Court Narrows Claims Against Tea Company over Antioxidant Source Labels
A federal court in California has dismissed some of the putative class claims filed against Twining North America, Inc., alleging that the company misled consumers by labeling its green tea products as a “natural source of antioxidants.” Lanovaz v. Twinings N. Am., Inc., No. 12-2646 (N.D. Cal., order entered February 25, 2013). Stricken with leave to amend are claims based on labels or products other than green tea because the named plaintiff alleged that she purchased green tea only.

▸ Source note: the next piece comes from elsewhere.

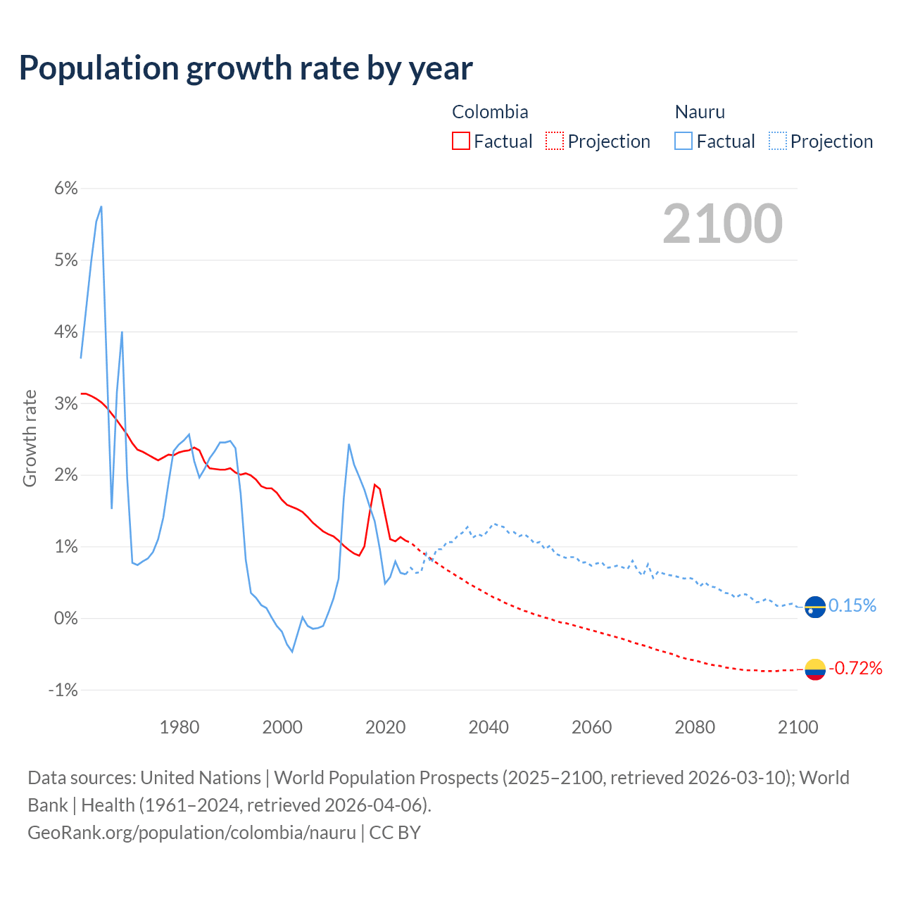 - For the last 10 years, Colombia has had an average growth rate of +1.25% per year vs +1.17% in Nauru.
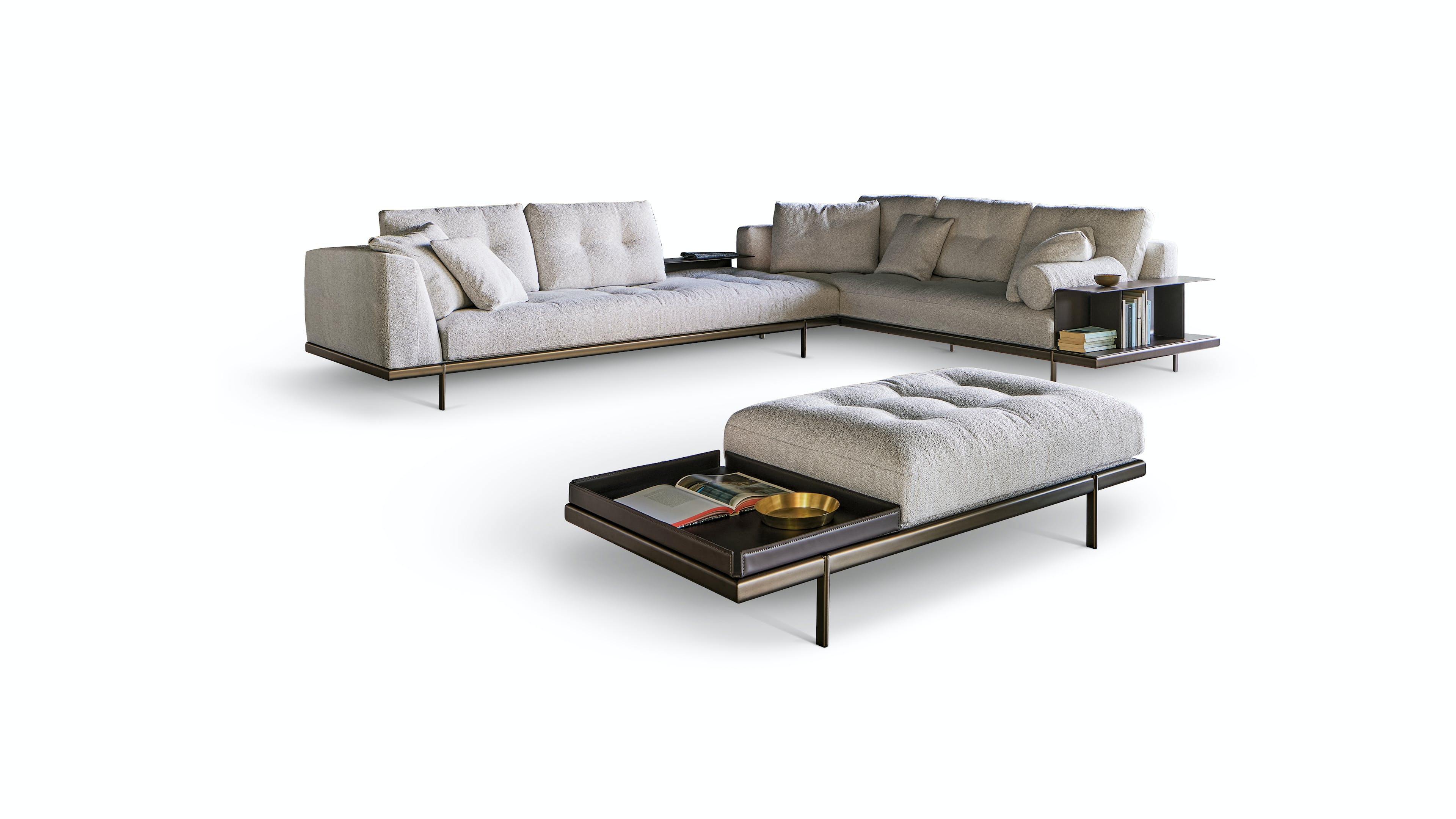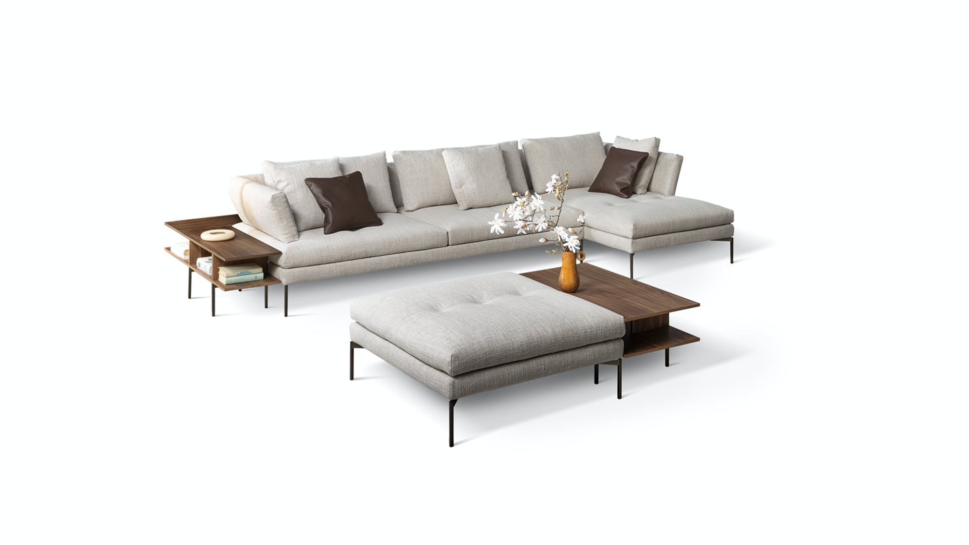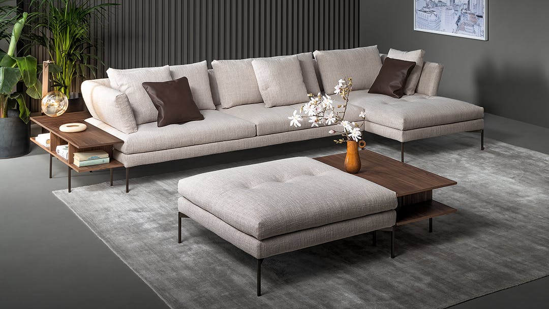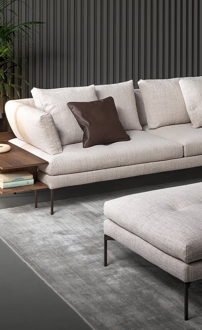 The fabric- or leather- covered frame with slender metal legs matches the cushions and backrests in various sizes, creating a visually light, yet restrained ensemble. The lightness of the ensemble is further emphasized by the slender, minimal shape of the metal feet, available in different colours. Thanks to its versatile elements, the sectional design sofas collection takes on different, interesting configurations for a living area with a focus on customization. The system is completed by the Aliante side tables, available in Canaletto walnut or with a ceramic top and made in different shapes and sizes, accessories that play with the space when positioned laterally, in front of the sofa or between two elements of the composition.

The court disagreed with the defendant that the state law-based claims were preempted, finding that by stating its tea is a “natural source of antioxidants,” the defendant made a nutrient content claim regulated by the Food and Drug Administration (FDA) and that the plaintiff was seeking to enforce state law identical to federal requirements. So ruling, the court cited an FDA warning letter sent to the company over its alleged “nutrient content claim.” The court also ruled that the plaintiff had sufficiently stated an injury in fact to support Article III standing requirements and that her claims met the plausibility requirement.
Dismissed with prejudice were claims for breach of warranty under the Song-Beverly Consumer Warranty Act and Magnuson-Moss Warranty Act because the former applies to consumer products excluding consumables and the latter concerns warranties against product defect, which is not alleged here. The court further dismissed the plaintiff’s restitution claim based on unjust enrichment, since she already has a restitution remedy under the Unfair Competition Law.